Diabetic peripheral polyneuropathy disposes people to repetitive micro- and macrotrauma to the joints and periarticular soft tissues of the foot and ankle. These processes are thought in some cases to trigger the bone and joint fragmentation and destruction typical of Charcot neuroarthropathy (Charcot foot; Figure 1; Frykberg et al, 2000). As the incidence of diabetes has risen worldwide, it is now the most common cause of Charcot (International Diabetes Federation, 2005).
Charcot processes may arise within days of a minor traumatic event, such as tripping, or may be the product of long-term trauma from inappropriate walking patterns or heavy load bearing (i.e. concomitant obesity; Stuck et al, 2008). The usual initial symptoms of Charcot is the erythaemic swelling of the foot and pain in otherwise insensate feet, and the early detection and ongoing management of the condition can avoid or lessen foot deformity (Armstrong et al, 1997; Foltz et al, 2004). While Charcot does not pose a serious lower-limb amputation risk per se, ulceration resulting from altered plantar pressures associated with the grossly deformed foot that is commonly the product of Charcot process greatly increases the risk of amputation (Armstrong and Lavery, 1998; International Working Group on the Diabetic Foot, 2006; Sohn et al, 2010).
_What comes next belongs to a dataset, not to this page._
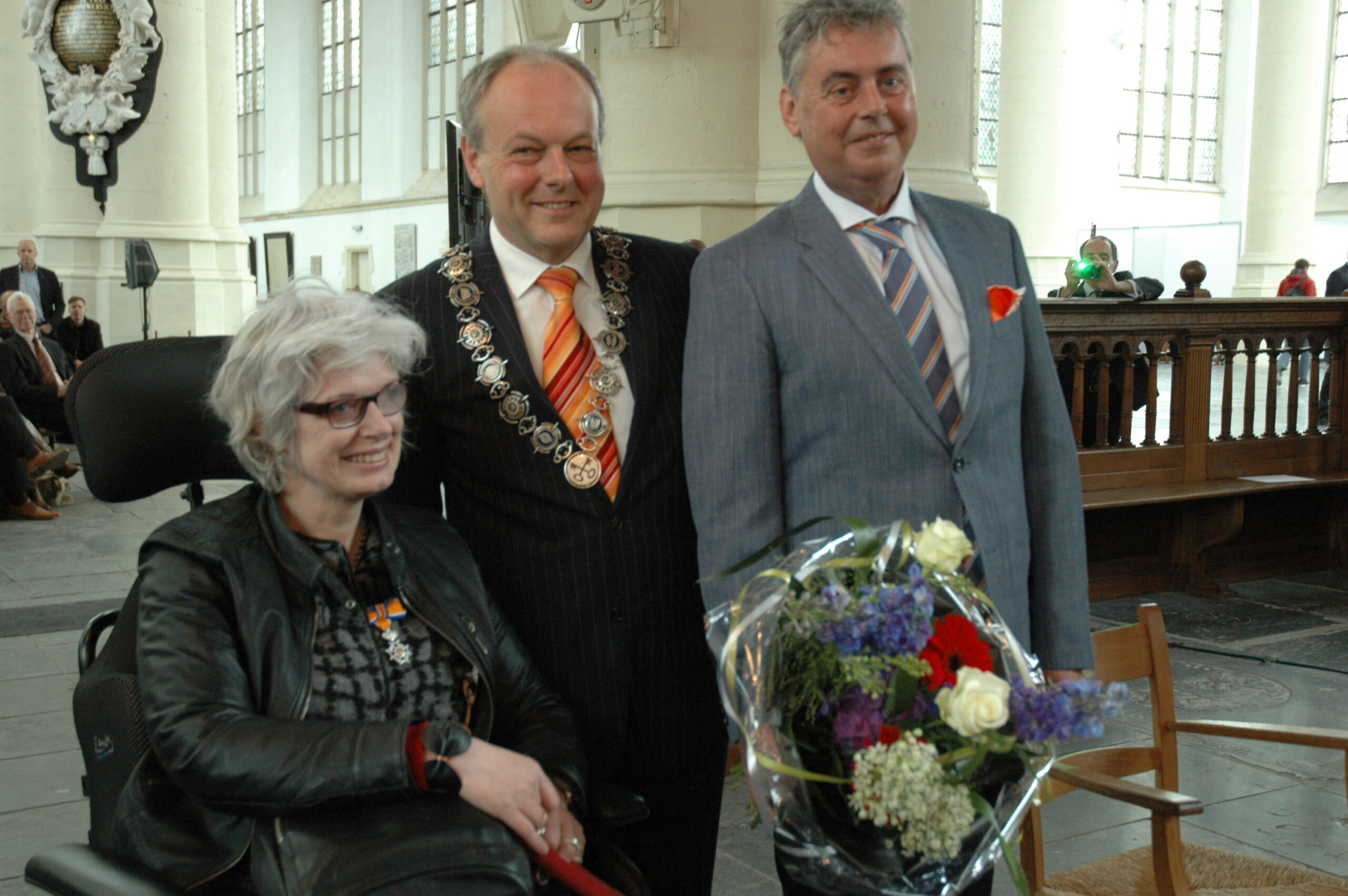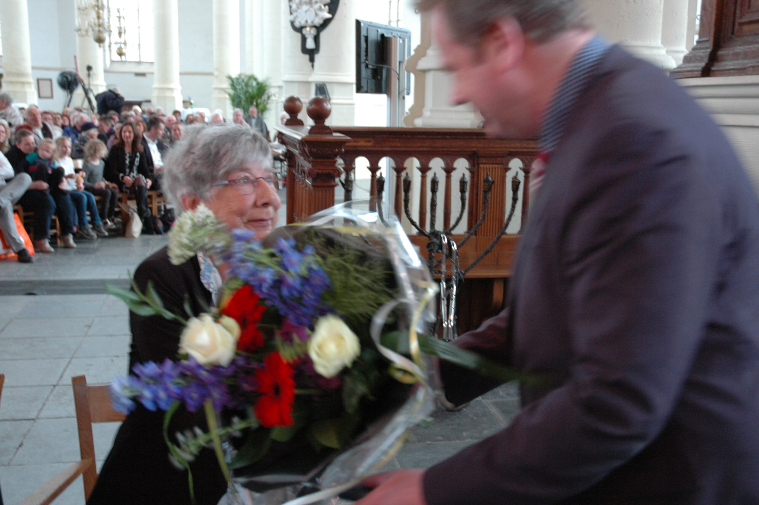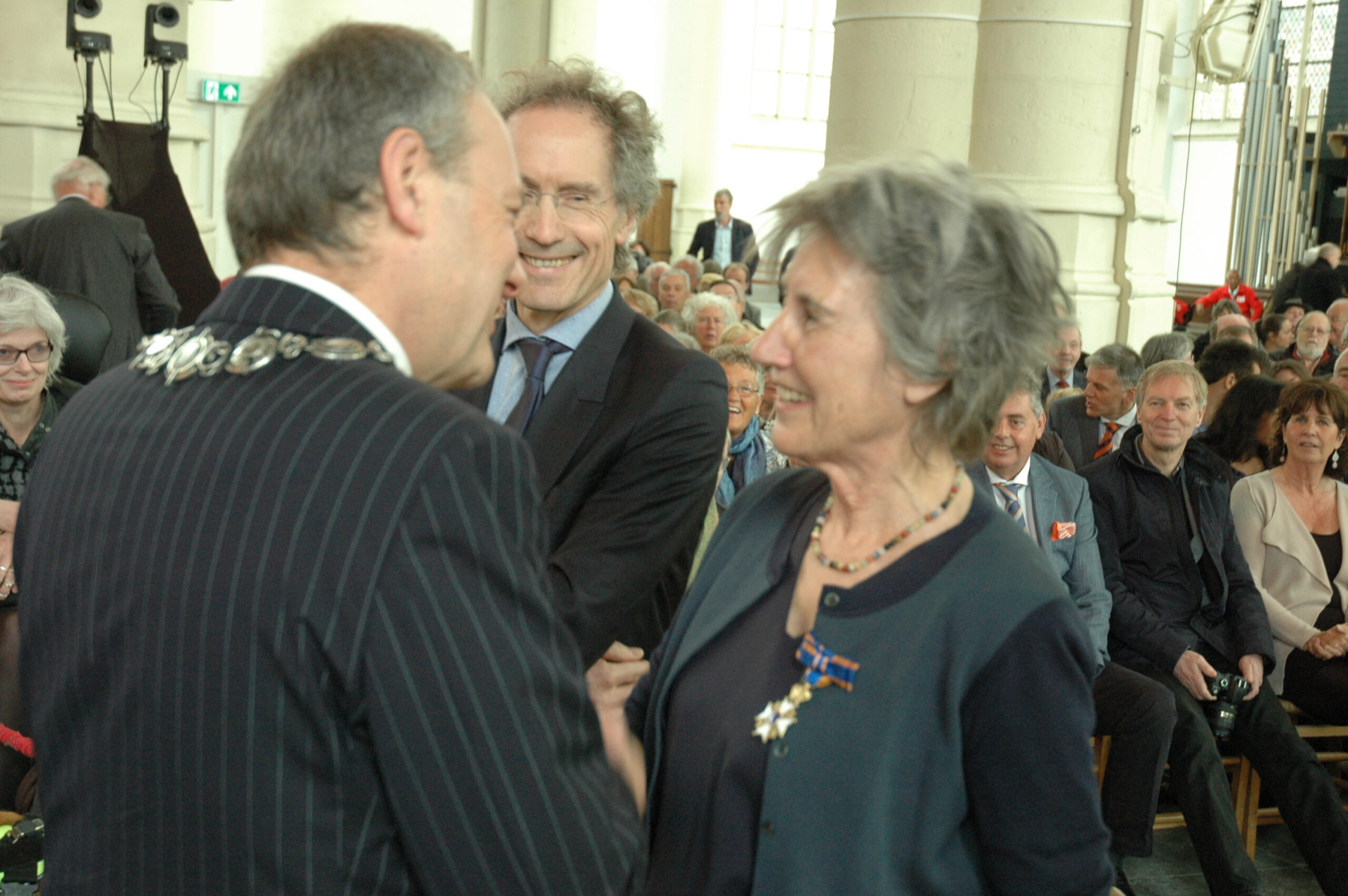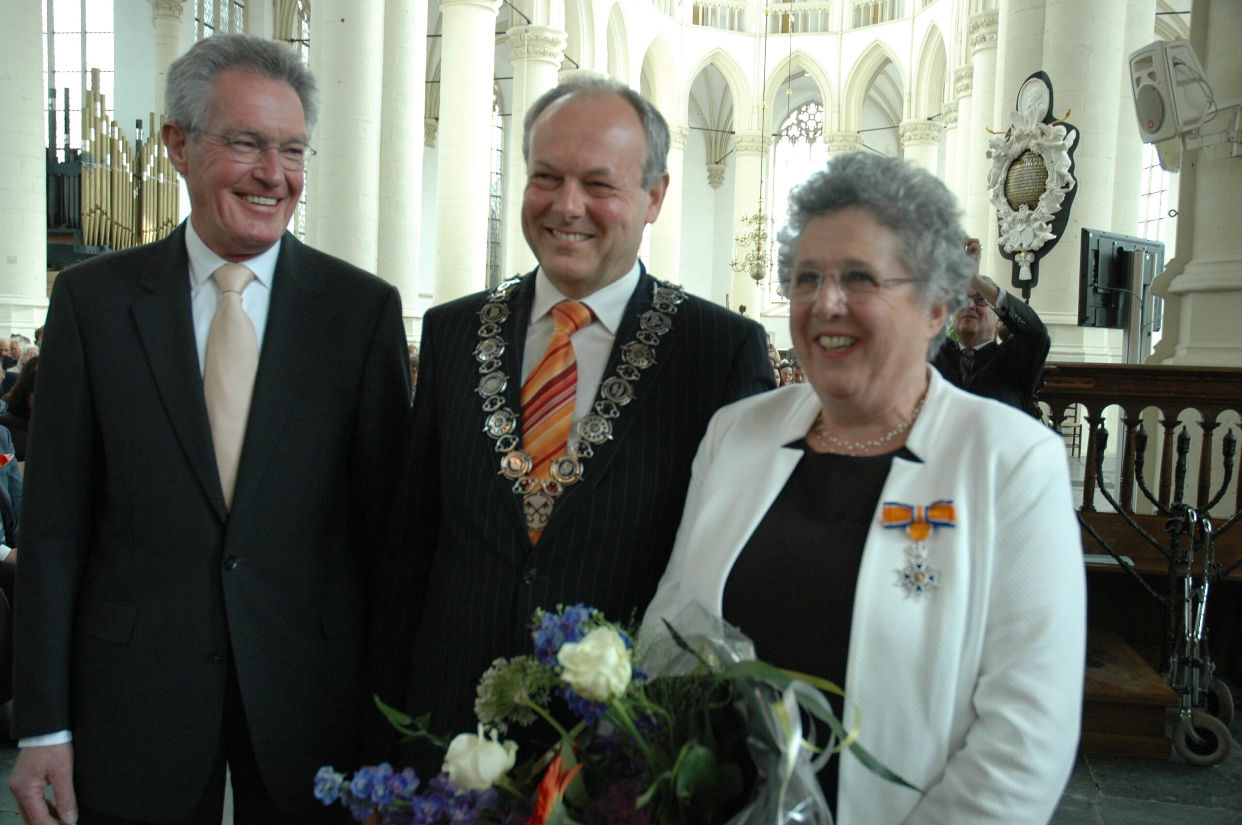 Chris de Waard ging vanmorgen naar de Hooglandse Kerk en sprak na de toespraken met drie gedecoreerden, Cor Arnoldus, Wils Spies en Kees Botermans, en met burgemeester Lenferink.

There is a lack of data describing the prevalence of Charcot foot due, in part, to missed diagnoses and variable descriptions of the condition (Wukich and Sung, 2009). Estimates range from 0.1–0.4% (Rajbhandari et al, 2002) of the population with diabetes. In one study published in 1972 (Sinha et al), 101 cases of Charcot were found among 68000 people with diabetes, while more recently Fabrin et al (2000) found the incidence to be one case per 333 people with diabetes – suggesting an increase in the incidence of Charcot that is consistent with the increasing prevalence of diabetes (Ajlouni et al, 2008).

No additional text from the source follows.